第7話 足掛かり

 翌日、バイトも何もしていない俺は起きてからアムリタ教団の事を調べ直す事にした。

 この間は大して調べもせず、教団ホームページからの推察を斎藤にぶつけ、事実確認をしたに過ぎなかった。

 結果わかった事と言えば、早期解決や穏便な解決は無理なのだということだけだった。本当に今更だが、高田を巻き込んでしまった事についても悔やみ始めている。


 朝っぱらからパソコンの電源を入れてPCデスクに座る。暇な時は大抵そうしているし、動画サイトで下らない動画を見たり掲示板でレスポンスバトルを繰り広げたりして時間を無為に使っている。自分の快楽の為に海外のエロ動画サイトを長時間ハシゴすることも多い。だが今日はそんな気分ではない。そんな事よりも遥かに重要な事に時間を使うことにした。

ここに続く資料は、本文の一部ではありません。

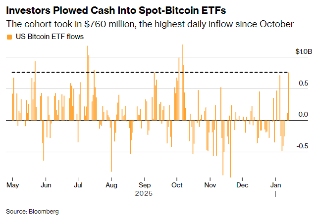 加密貨幣投資者正以一貫的姿態(tài)開啟新年:大舉涌入比特幣ETF。統(tǒng)計(jì)數(shù)據(jù)顯示,本周二,持有比特幣的十余只ETF共錄得約7.6億美元資金流入,創(chuàng)去年10月以來最大單日凈流入。其中,比特幣ETF-Fidelity(FBTC.US)貢獻(xiàn)了主要部分,單日吸金3.51億美元。
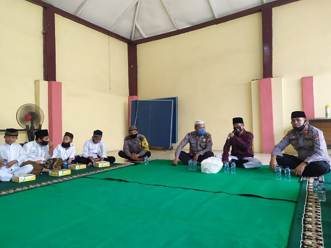 MEDAN | TRANSPUBLIK.co.id – Polsek Medan Helvetia melaksanakan silaturahmi dan ngaji bareng dengan anak – anak yatim piatu Pengajian Masjid Al Ikhlas Setia Luhur yang dilaksanakan di Aula Wicaksana Laghawa Polsek Medan Helvetia, Jum’at (17/7/2020) pagi.
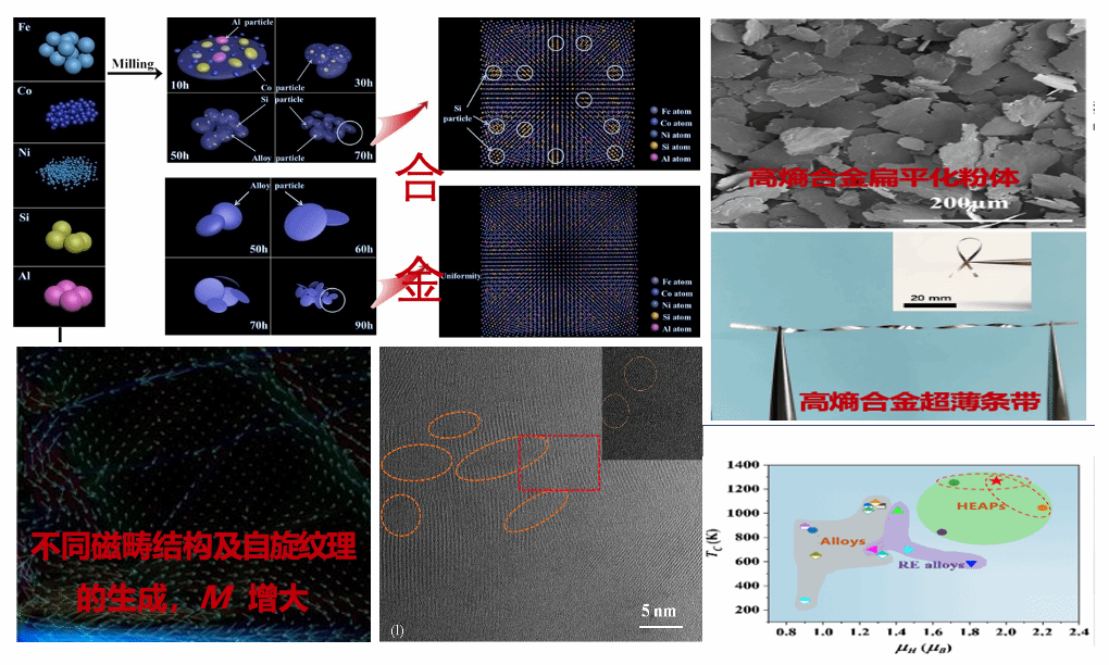 (1)高磁导率高熵合金新型电子信息材料:设计制备低矫顽力和高磁导率的高熵合金磁性材料,用于电磁兼容、电子信息、磁记录、通信、新能源汽车、磁屏蔽、电磁波吸收等领域。具体从多元素协同及纳米晶微结构可控设计制备新型高磁导率高熵合金粉体或超薄条带,实现磁导率的多频谱有效调控,应用于信息存储和传输、电磁屏蔽、电磁波吸收等领域。
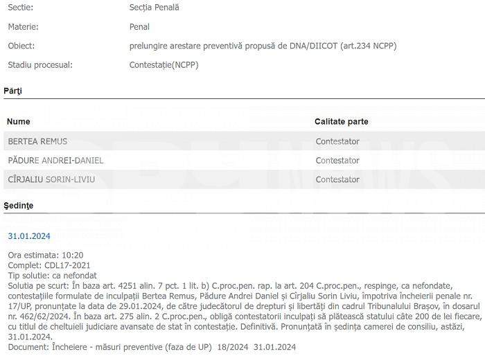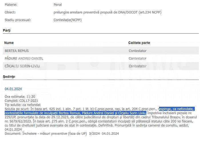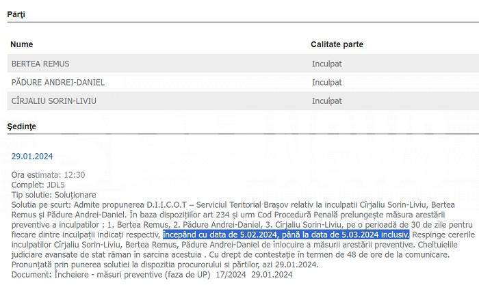 Ulterior, numele femeii a dispărut din dosarul care viza măsurile preventive, iar în urmă cu o lună instanța a decis: „Admite propunerea D.I.I.C.O.T – Serviciul Teritorial Braşov relativ la inculpatii Cîrjaliu Sorin-Liviu, Bertea Remus şi Pădure Andrei-Daniel. Prelungeşte măsura arestării preventive a inculpatilor: 1. Bertea Remus, 2. Pădure Andrei-Daniel, 3. Cîrjaliu Sorin-Liviu, pe o perioadă de 30 de zile pentru fiecare dintre inculpaţii indicaţi respectiv, începând cu data de 5.02.2024, până la data de 5.03.2024 inclusiv. Respinge cererile inculpatilor Cîrjaliu Sorin-Liviu, Bertea Remus, Pădure Andrei-Daniel de înlocuire a măsurii arestării preventive”.
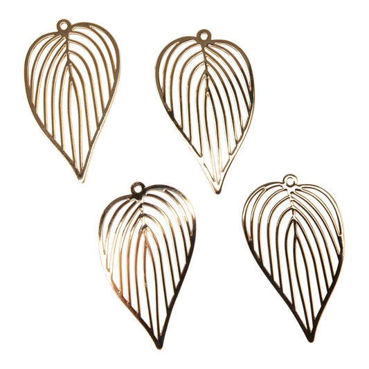 Brass Pendants - Leaf - 18k Gold Plated - Pkg/4

 自分がよく見に行く巨大掲示板群サイトである「ワンちゃんねる」の宗教関連の「板」を探す。

 板というのは特定の話題のみを扱うページの括りであり、そこから更に細分化された具体的話題についてレスポンスと呼ばれるテキストを投稿し合うスレッドがある。どこの板もスレッド数は数十から数百を超え、場合によっては千件以上のスレッドが経つ大人気の板もある。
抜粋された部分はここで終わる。